Pick the sin: plagiarism or bad reporting

Pick the sin: plagiarism or bad reporting

: The other day, another numb-nutty journalist was fired for plagiarism, which is about the stupidest sin to commit (not the accidental repetition of a good phrase — these days, we call those memes — but the wholesale lifting of hunks of someone else’s work); it’s especially stupid in this day of online news and search. Whenever somebody gets caught their their hand on the control-V keys, they get fired quickly and publicly. OK.

But it occurs to me that the punishment for getting a story completely wrong — not Jayson-Blair-pull-the-fiction-of-of-your-ass wrong but wrong-headed, incomplete, badly reported, factually messy — is nowhere near as severe.

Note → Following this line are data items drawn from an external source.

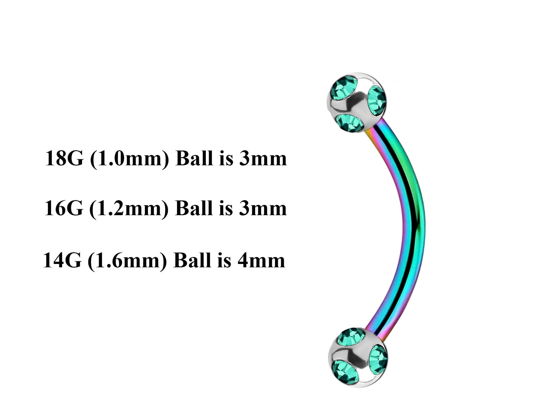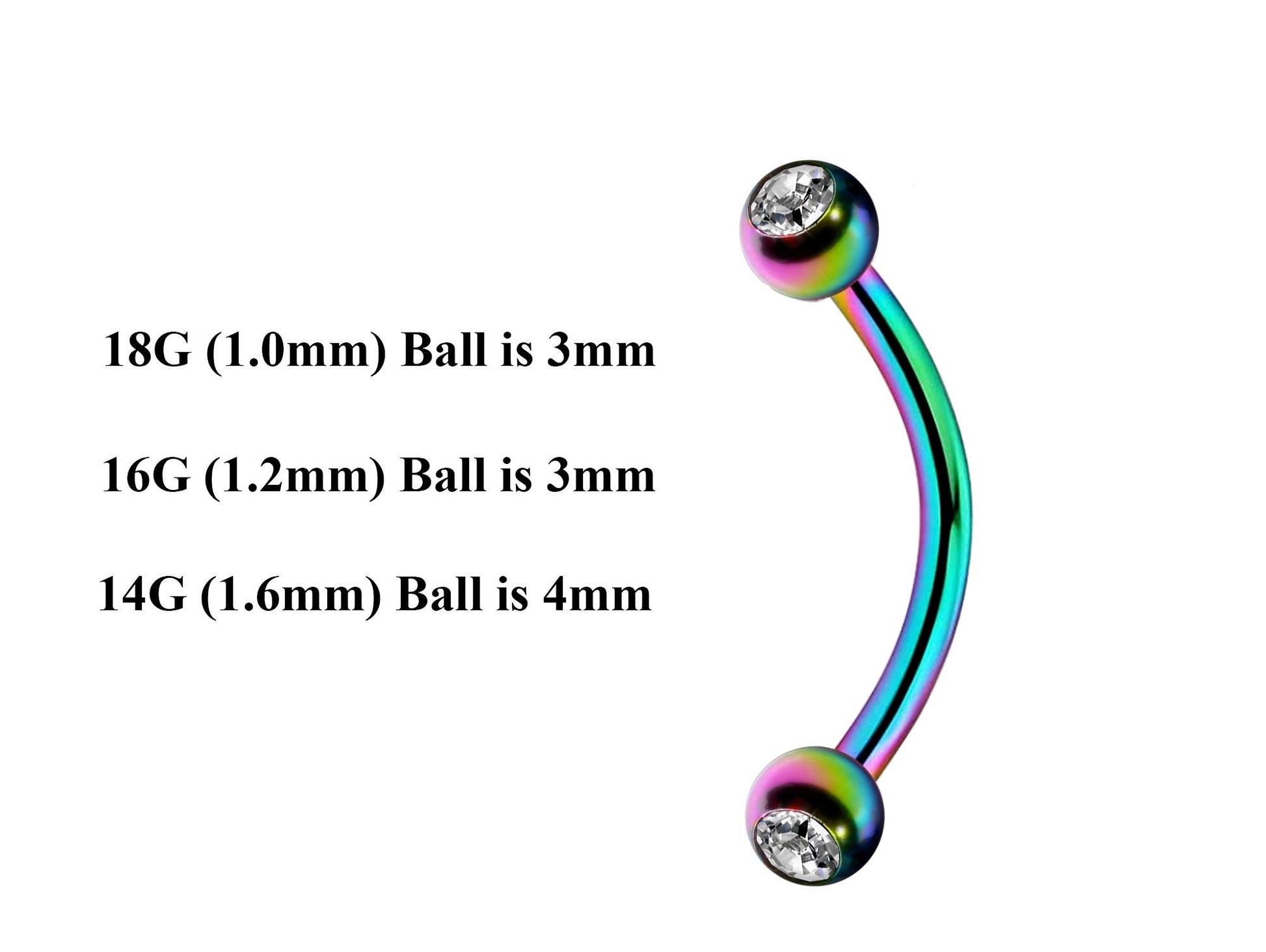Rainbow Curved Barbell, Lip Piercing – Custom Bent Barbell 18g 16g 14g Piercing for Daith, Vertical Labret and More
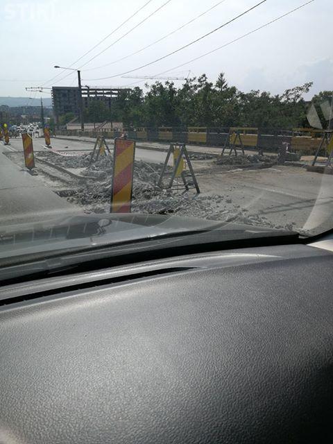 Podul de la Terapia este închis parțial pentru lucrări, dar nimeni nu ... lucrează.
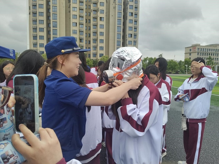 2025年5月9日上午,我校220名师生受邀参加在山南新区消防支队举办的全省消防救援队伍地震救援跨区域实战拉动演练暨淮南市第五届消防行业职业技能竞赛。在活动现场,有专职消防员现场为学生讲解灭火器的颜色分类及使用说明,防毒面具的使用方法等诸多专业消防知识,使师生们进一步增强了防灾减灾意识,提升了应对地震等灾害的应急处置能力。
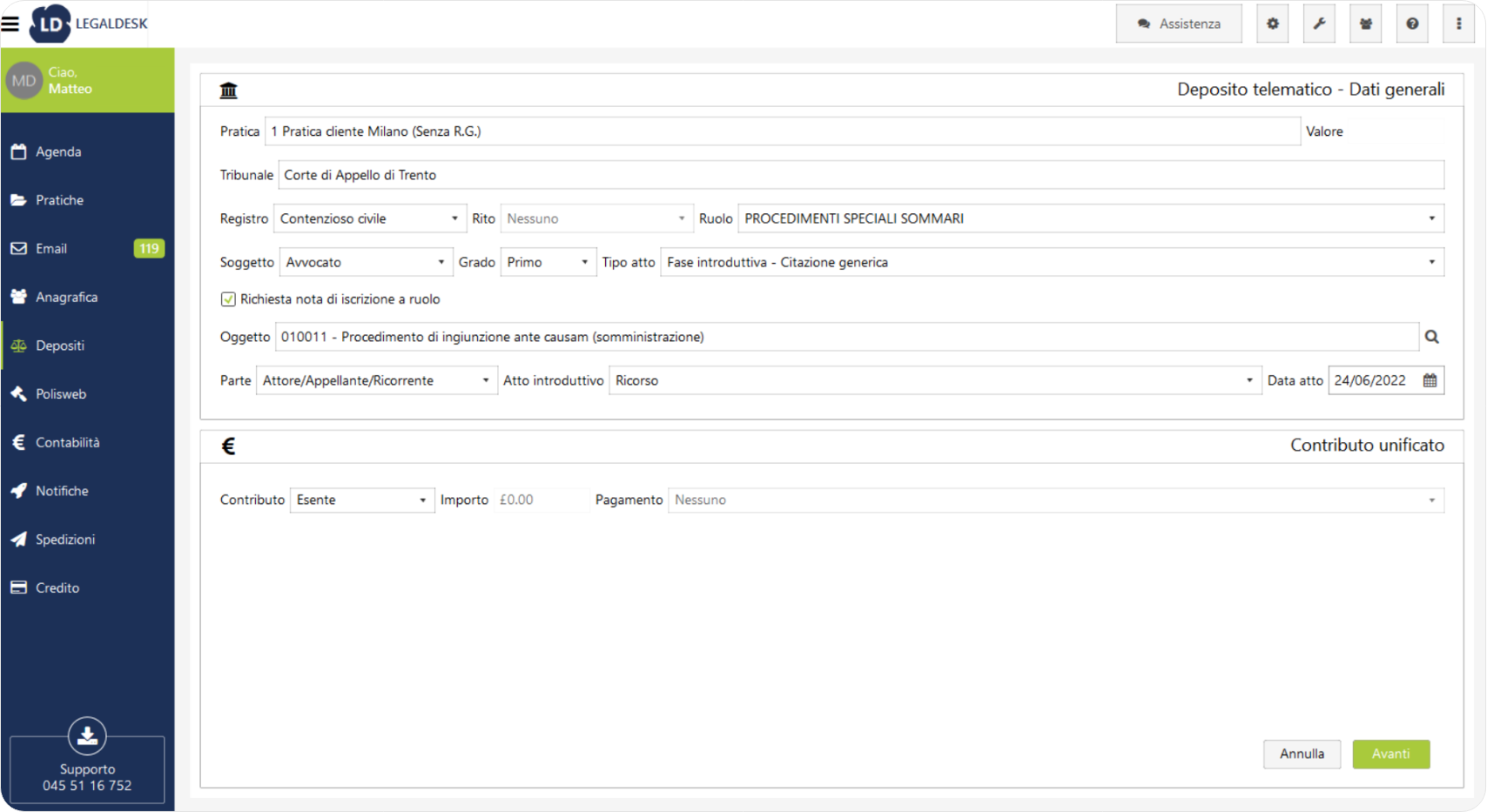 Depositi gli atti attraverso PCT in pochi click e controlli lo stato di quelli inviati. Scarichi le scadenze, le udienze e sincronizzi e scarichi i documenti in pochi secondi, direttamente sul tuo PC

The message that gives the public: The press cares more about protecting the ownership of content than about getting stories right.

Now that’s not only heresy, it’s a wrong and rather ridiculous way to state the proposition and I know it: plagiarism is obvious theft with an easy standard to identify and writing a wrong-headed or sloppy story is not an easy standard to agree to. So I’m not saying that everybody who has a bad-story day should be shown the door (in fact, we need to make reporters bolder and more transparent and more conversation, not more timid and boring and faux objective). I’m simply saying that the contrast in the press’ treatment of each sin says something to the public. That’s all.